The Tobacco State League was a Class D level American minor baseball league that played for five seasons (1946–1950) in Organized Baseball in the state of North Carolina. The Red Springs Red Robins won two league championships.

History
The Tobacco State League was one of many low-level minor leagues that flourished immediately after World War II before disbanding in the 1950s. Founded as a six-team circuit in 1946, the league sported eight teams for the final four years of its existence, although one of its teams, the charter member Smithfield-Selma Leafs, was forced to drop out during the closing weeks of the TSL's final 1950 season.
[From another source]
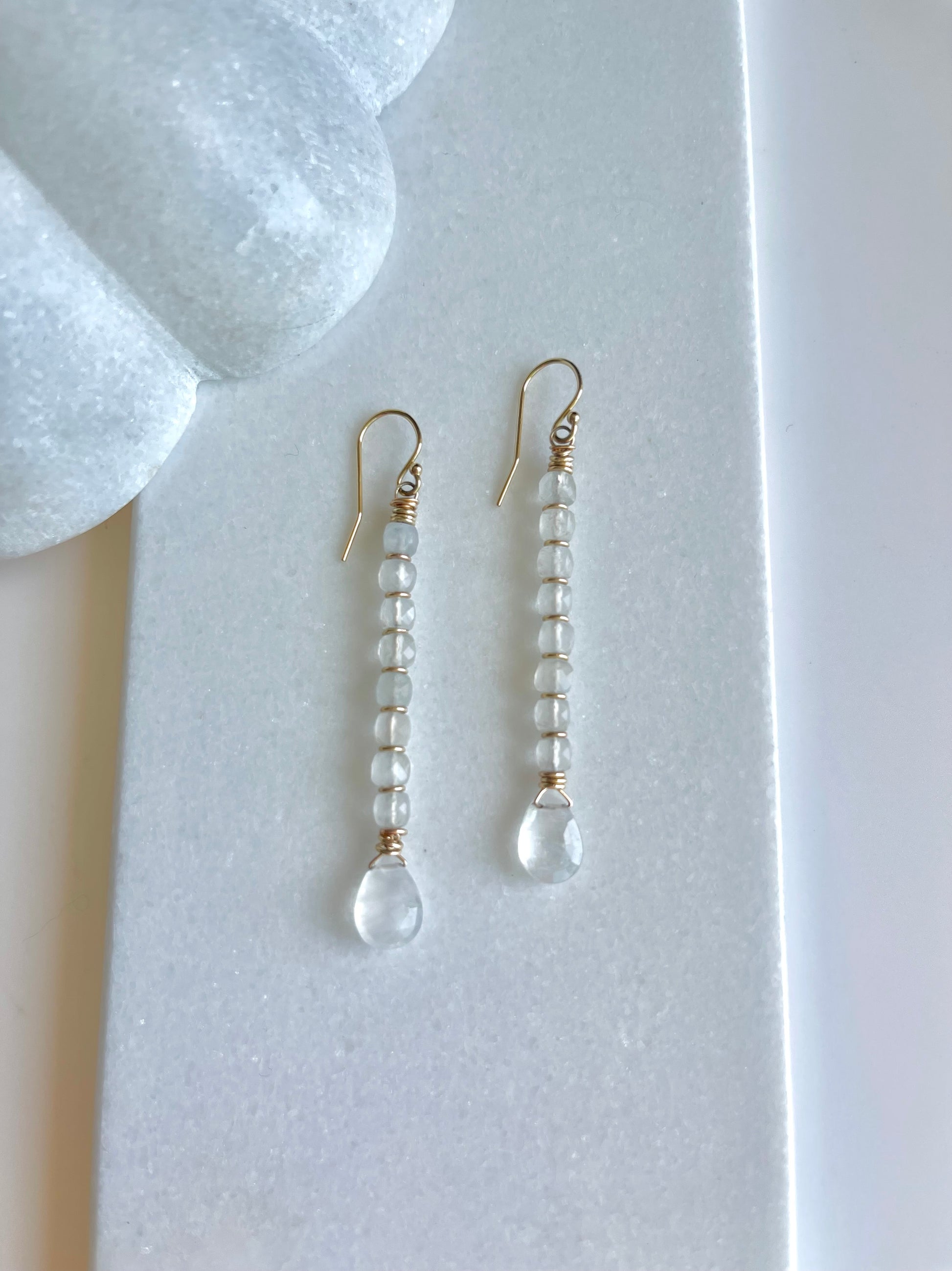 These earrings are so versatile! Wear them on your big day, but don’t forget to bring them with you on your honeymoon. Faceted cube moonstones dangle with a teardrop milky moonstone on bottom. 2 inches in length.

With the exceptions of Lumberton (Chicago Cubs) and Red Springs (Philadelphia Athletics), its members were unaffiliated with Major League Baseball farm systems.

Member teams

Angier, NC & Fuquay Springs, NC: Angier-Fuquay Springs Bulls 1946 (Champions, 1946)
Clinton, NC: Clinton Blues1946–1948; Clinton Sampson Blues 1949–1950
Dunn, NC & Erwin, NC: Dunn-Erwin Twins 1946–1950
Fayetteville, NC: Fayetteville Scotties 1949
Lumberton, NC: Lumberton Cubs 1947–1948; Lumberton Auctioneers 1949–1950
Red Springs, NC: Red Springs Red Robins 1947–1950 (Champions, 1948, 1949)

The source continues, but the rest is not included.